清晨七点多的阳光,透过阳台的纱质窗帘,在地板上投下细碎的光斑。瞿祀缓缓睁开眼,眼底没有丝毫刚睡醒的惺忪,清醒得如同早已蛰伏许久。她掀开浅色的羊绒床单,起身下床,脚上踩上一双柔软的米色拖鞋。身上穿的是一套鹅黄色波点睡衣,排扣式的上衣设计简洁利落,搭配一条同色系的松紧睡裤,衬得她肤色愈发冷白。
瞿祀轻手轻脚地走出卧室,沿着木质楼梯往下走。刚走到楼梯中段,余光就瞥见楼下客厅的地面上散落着不少纸张,原本整洁的空间透着一股杂乱。她眉头微微一蹙,脚步下意识地加快,“哒哒哒”的拖鞋声在安静的别墅里格外清晰。
下到一楼,眼前的景象让她瞳孔微缩。客厅里,她昨天刚整理好的合作资料散了一地,新买的洗护套装被推倒在旁,瓶身滚得四处都是;地板上还残留着几滩黄色、红色的不明液体,散发着淡淡的异味。
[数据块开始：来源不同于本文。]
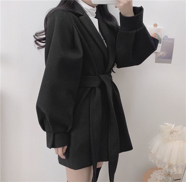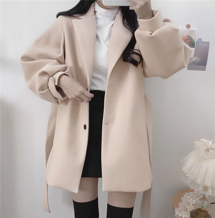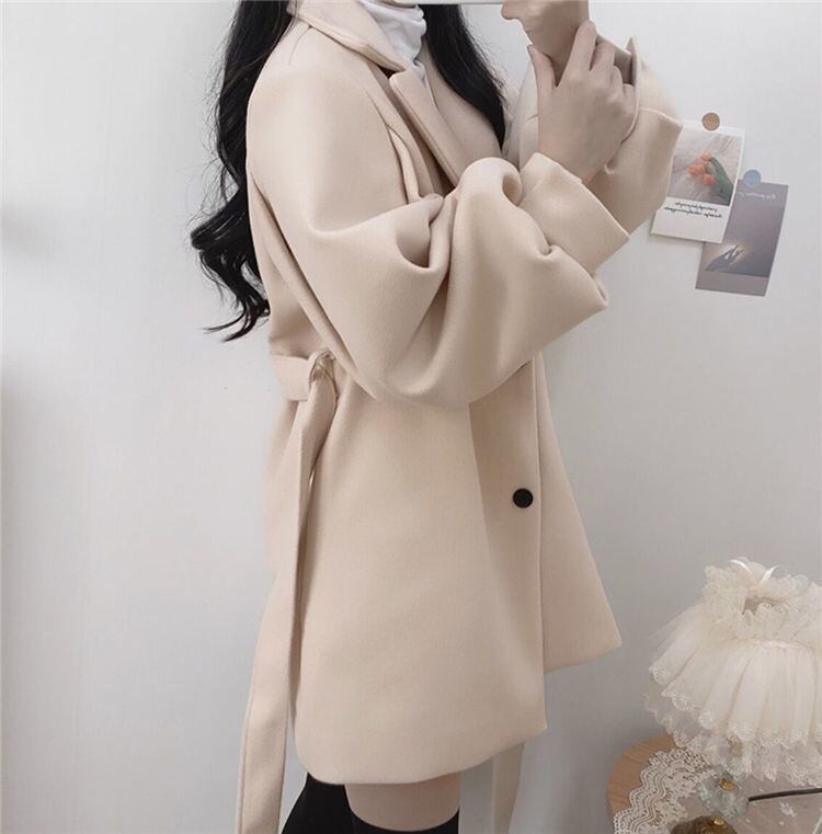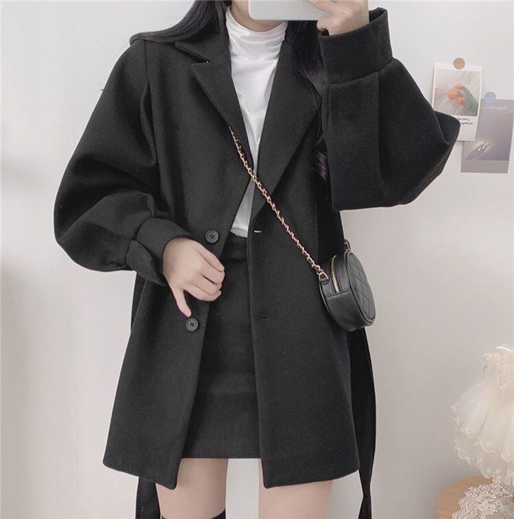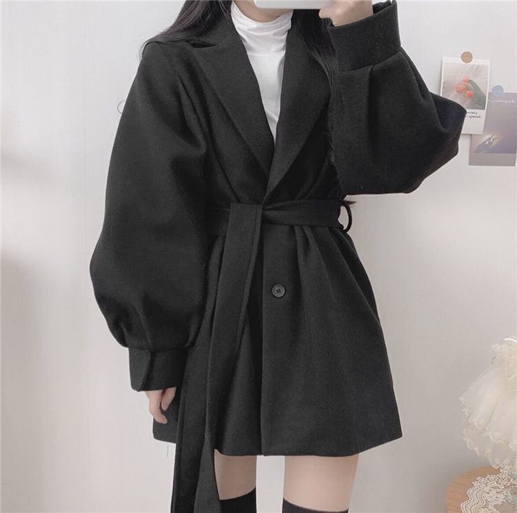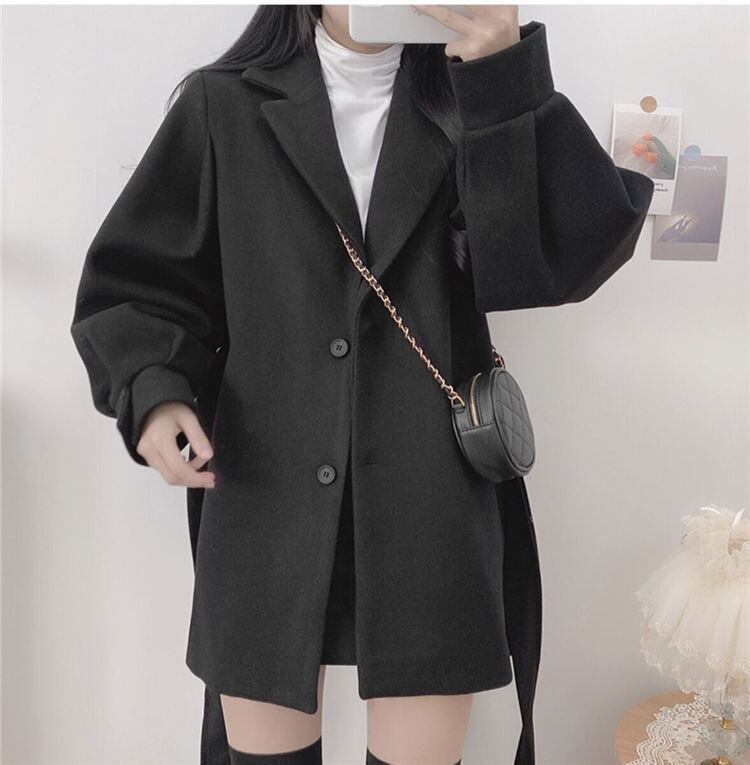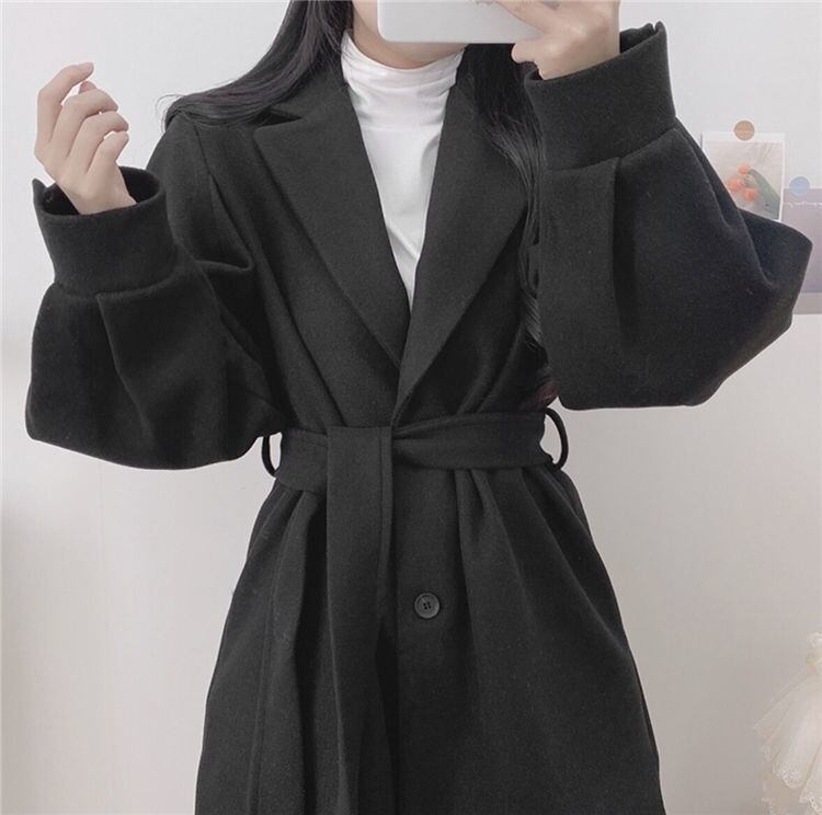 ウールロングコート 前ベルト調整式 秋冬向け厚手生地 婦人外套

瞿祀的目光扫过客厅,最终落在厨房门口,那里的混乱更甚。
她快步走进厨房,入目是一片狼藉:调料瓶倒了一地,酱油、醋等液体混合在一起,在地面上汇成深色的污渍;餐具碎了好几个,瓷片散落得到处都是;原本放在橱柜里的食材被翻了出来,菜叶、鸡蛋黄混在一起,惨不忍睹。瞿祀看着这一幕,只觉得两眼一黑,脱口而出道:“我****。”
话音刚落,一个银白的身影突然从她身后窜了出来,“嘭”的一声撞在了她的额头上。瞿祀被撞得闷哼一声,下意识地捂住额头,蹲下身来,额角很快就泛起了红印。小飞球也被撞得往后弹了好几下,悬浮在半空中晃了晃。
“什么鬼东西?”瞿祀揉着额头,抬头看向小飞球,眼底满是怒意。
小飞球稳住身形,用那种兼具机械感与活人语气的声音说道:“我可不是鬼东西。那个臭文盲去哪了?还没起来吗?真是个大懒虫。”
“我买你回来是让你陪我俩解闷,你咋这么败家呢?”瞿祀站起身,伸出手指狠狠戳了戳小飞球的球体。
“败家?我不觉得啊。”小飞球往旁边挪了挪,躲开她的手指,“还有你能不能积点口德?”瞿祀说道
“我又不是人,凭什么要积德,再说了要积德也应该是你积吧?离我远点,别戳我。”小飞球的蓝光闪烁了几下,语气带着几分挑衅。
瞿祀深吸一口气,努力压下心头的火气。她没再跟小飞球纠缠,从口袋里掏出手机,拨通了提前存好的家政公司电话。电话接通后,她用流利的意大利语说明情况,让对方尽快派两个人过来打扫卫生。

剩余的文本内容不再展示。